Abstract: This paper introduces the application of PROFIBUS-DP networks in a clean water treatment system. The hardware configuration, software design, and implementation functions of the control system are described in detail, meeting production requirements. Practice has proven that the system is rationally designed and operates stably and reliably.
Keywords: Profibus-DP hardware and software functions
Abstract: The application of Profibus-DPinwatertreatmentcontrolsystemisintroduced,emphaticallydissertatedamethodofS7-300PLCsystemofapplication,hardwareconfiguration,softwareconfigurationandfunction.
Keywords:Profibus-DPhardwaresoftwarefunction
1. Introduction
The automated water treatment control system is the water supply system for a steel plant's continuous hot-dip galvanizing and color coating project.

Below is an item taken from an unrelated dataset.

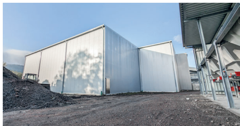
Curing chamber as a free-standing building and stainless steel escape door

Automated monitoring and real-time control of water treatment are key to improving efficiency and reducing energy consumption. The system employs a PLC-based process automation monitoring system to automatically monitor all pumps and valves, and programmatically control the operation of aeration and drainage equipment. Based on the process requirements, it can control cooling tower fans, water pumps, electric valves, and other equipment in real time. This ensures that water flow and temperature meet industrial water requirements, achieving the goal of automated water treatment process control.
2 System Description
This system has four control stations: a clean circulation pump station, a galvanizing furnace cooling return water booster pump station, a color steel plate cooling return water booster pump station, and a rainwater and sewage pump station. Its system process flow diagram is shown in Figure 1.
Figure 1 System process flow diagram
3. Hardware composition of the control system
The overall system structure is shown in Figure 2. The main parts and their functions are described below.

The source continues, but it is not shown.